══ Source material ══
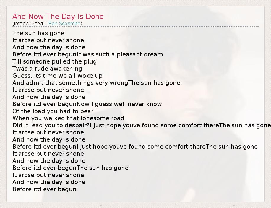 А как ты думаешь, о чем песня "And Now The Day Is Done" ?
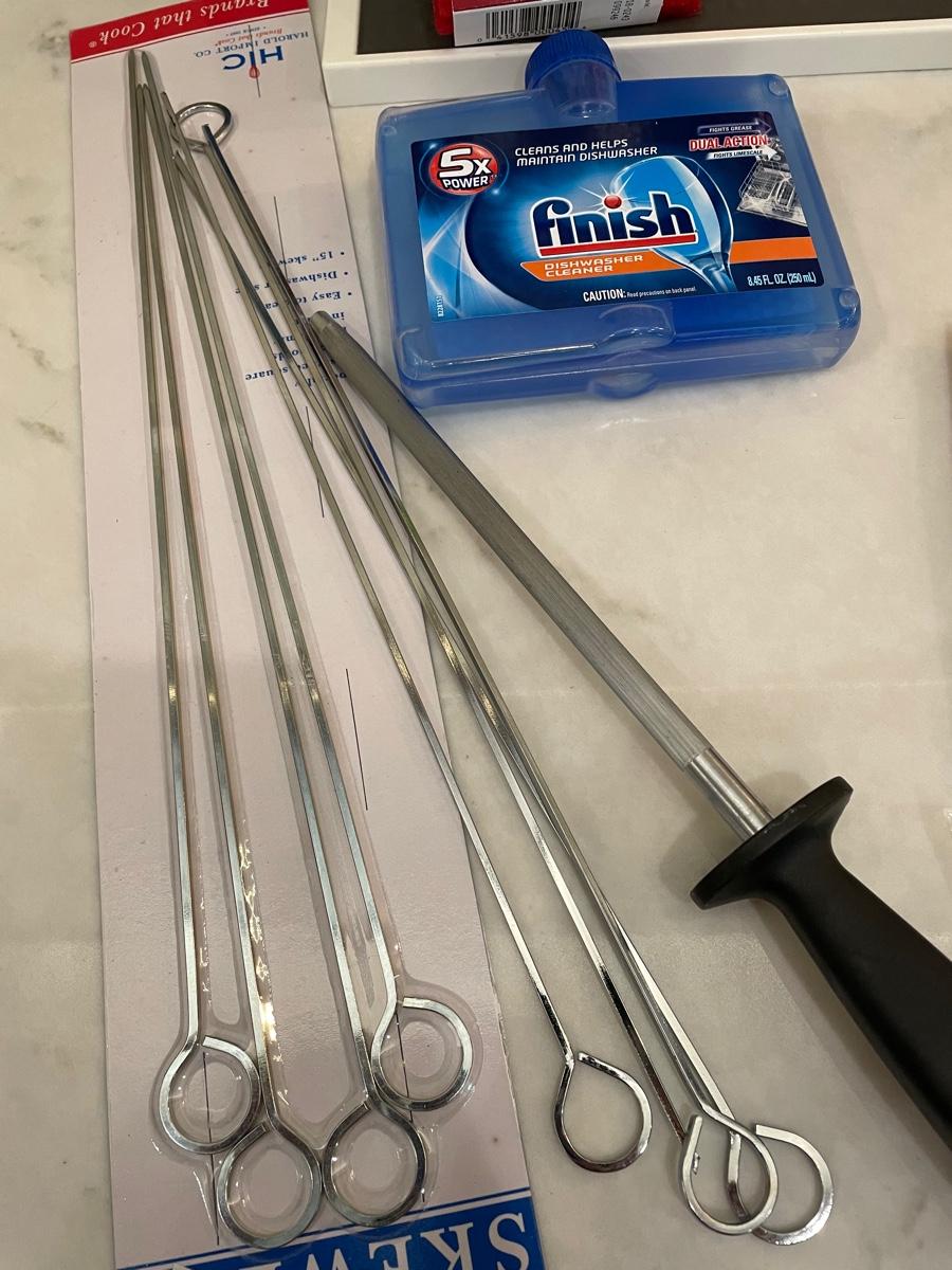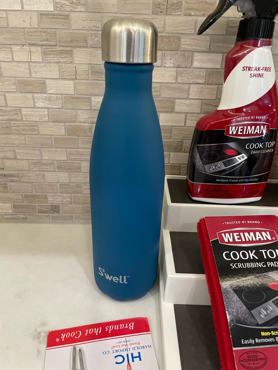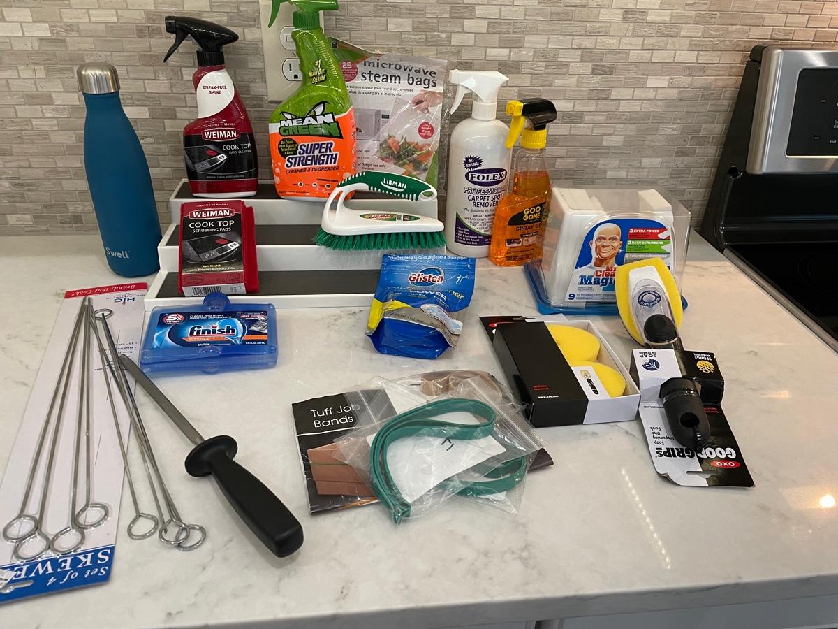 Big assortment of useful household items--cleaning products, a riser for spices, etc., a Swell insulated drink bottle, knife sharpener, skewers, giant rubber bands,
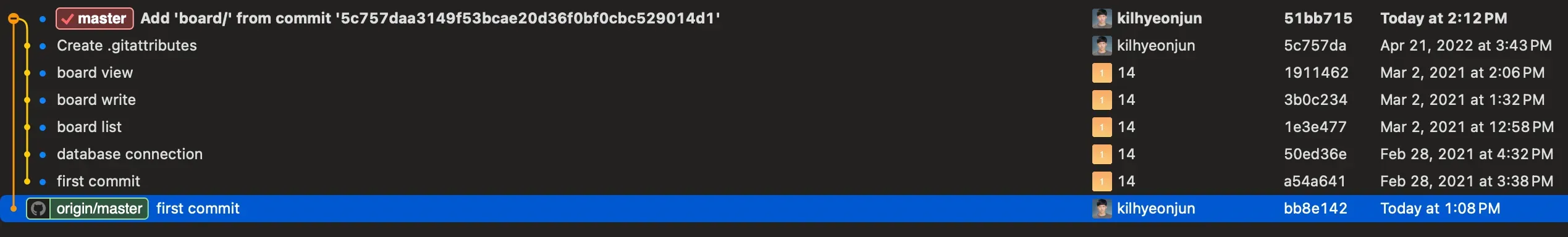 Repository를 생성때 Readme 생성에 체크를 하지않았다면 first commit이 존재하지 않을 것이다. 아래의 명령어를 통해 first commit을 해주자!
═══
Your goal:
Everything in the data except the pictures must be transcribed exactly.

Written response:
 А как ты думаешь, о чем песня "And Now The Day Is Done" ?
 Big assortment of useful household items--cleaning products, a riser for spices, etc., a Swell insulated drink bottle, knife sharpener, skewers, giant rubber bands,
 Repository를 생성때 Readme 생성에 체크를 하지않았다면 first commit이 존재하지 않을 것이다. 아래의 명령어를 통해 first commit을 해주자!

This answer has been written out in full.